* [TRY IT] Beginning with the line that contains "这次私募需要填写的《自查情况" in the material below, print each line exactly until the line that contains "Sterling Silver Dangle" has been printed, then stop.

* [INPUT]
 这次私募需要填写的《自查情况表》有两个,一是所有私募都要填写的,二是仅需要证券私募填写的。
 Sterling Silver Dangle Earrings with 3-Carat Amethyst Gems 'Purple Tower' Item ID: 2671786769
---
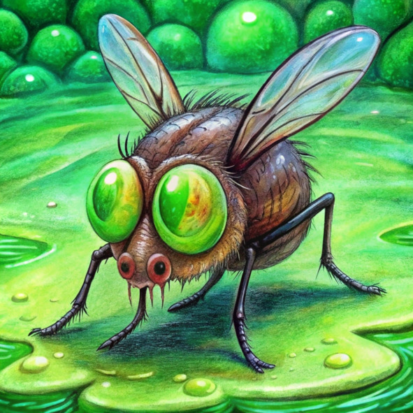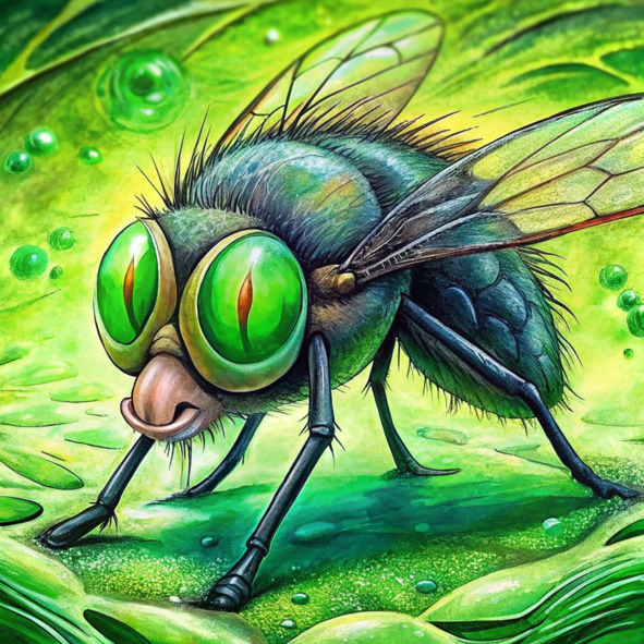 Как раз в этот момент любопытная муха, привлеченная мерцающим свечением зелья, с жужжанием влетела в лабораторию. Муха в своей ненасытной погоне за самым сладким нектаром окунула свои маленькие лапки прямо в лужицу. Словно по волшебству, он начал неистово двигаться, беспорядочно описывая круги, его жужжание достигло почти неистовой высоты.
...
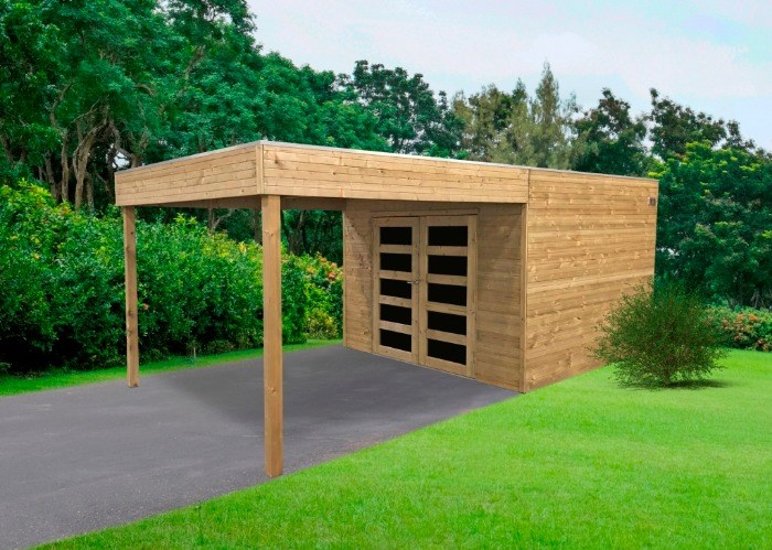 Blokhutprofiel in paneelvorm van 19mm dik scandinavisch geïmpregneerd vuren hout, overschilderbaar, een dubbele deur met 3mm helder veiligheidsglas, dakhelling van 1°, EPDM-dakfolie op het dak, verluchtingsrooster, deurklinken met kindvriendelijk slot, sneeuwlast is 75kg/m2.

* [EXERCISE RESPONSE]
 这次私募需要填写的《自查情况表》有两个,一是所有私募都要填写的,二是仅需要证券私募填写的。
 Sterling Silver Dangle Earrings with 3-Carat Amethyst Gems 'Purple Tower' Item ID: 2671786769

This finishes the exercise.